Children with amyoplastic arthrogryposis may have absent myotomes (e.g., biceps brachii, brachialis), leading to a lack of active elbow flexion and/or elbow extension contractures. In these cases, the long head of the triceps can be transferred through an extensile approach to the proximal volar ulna, improving both active and passive elbow flexion. Key technical considerations include patient selection, preservation of the long head's neurovascular pedicle, precise dissection of the radial and ulnar nerves, and safe tendon rerouting. This paper highlights technical details with a representative case example and an accompanying technique video. A 6-year-old patient with amyoplasia and absent active flexion underwent a long head of the triceps transfer. The procedure was documented with surgeon point-of-view high-definition footage to emphasize crucial technical steps. Passive and active elbow flexion improved at short-term follow-up and was sustained at 2 years.

Key concepts: (1)Elbow flexion can be improved through long head of triceps transfer in children with amyoplastic type of arthrogryposis.(2)Use of one head of the triceps adds elbow flexion and does not sacrifice elbow extension function as the medial and lateral heads of the triceps are preserved as elbow extensors.(3)Most children with arthrogryposis have demonstrated clinically that they can achieve selective control of the long head of the triceps to flex the elbow post-operatively, while relaxing the medial and lateral heads of the triceps for elbow extension.(4)The long head of the triceps originates from the scapula and has separate radial nerve branch proximal innervation allowing dissection away from the other two heads of the triceps.(5)Careful dissection and understanding of the anatomy of the three heads of the triceps is needed for successful surgical transfer of the long head of the triceps.

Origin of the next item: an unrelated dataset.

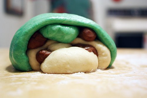 14. חלקו את הבצק הירוק לשני כדורים, אחד כפול בגודלו מהשני. את החלק הקטן גלגלו והניחו בין שתי האוזניים, ואת החתיכה הגדולה מתחו, ועטפו בעזרתה את כל הבצק.
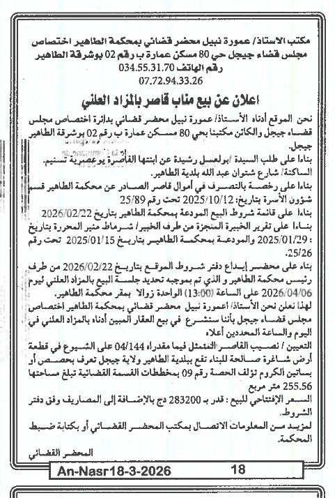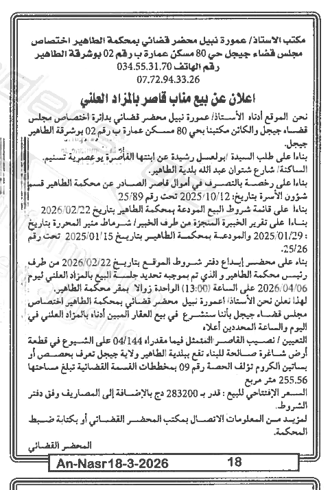 Il sera procédé à la vente au plus offrant et dernier enchérisseur le :

肱三头肌长头移位至尺骨近端治疗关节挛缩患者主动屈曲肘关节。
肌成形性关节挛缩症患儿可能没有肌切变(如肱二头肌、肱肌),导致肘关节屈曲活动不足和/或肘关节伸展挛缩。在这种情况下,肱三头肌的长头可以通过伸展入路转移到掌侧尺骨近端,改善主动和被动肘关节屈曲。关键的技术考虑包括患者的选择,保留长头的神经血管蒂,精确分离桡神经和尺神经,以及安全的肌腱改道。本文通过一个有代表性的案例和附带的技术视频来强调技术细节。一个6岁的肌发育不全和缺乏主动屈曲的病人接受了长头三头肌转移。手术过程记录了外科医生的视角高清镜头,以强调关键的技术步骤。被动和主动肘关节屈曲在短期随访中得到改善,并持续2年。关键概念:(1)肌变型关节挛缩患儿可通过肱三头长头移位改善肘关节屈曲。(2)使用单头肱三头增加肘关节屈曲,但不牺牲肘关节伸展功能,因为肱三头内侧和外侧的肱三头被保留为肘关节伸肌。(3)大多数关节挛缩患儿经临床证明,术后可选择性控制肱三头长头屈曲肘关节。(4)肱三头肌长头起源于肩胛骨,具有独立的桡神经分支近端神经支配,使其分离于肱三头肌的其他两个头。(5)成功的肱三头肌长头的手术转移需要仔细解剖和了解肱三头肌的解剖结构。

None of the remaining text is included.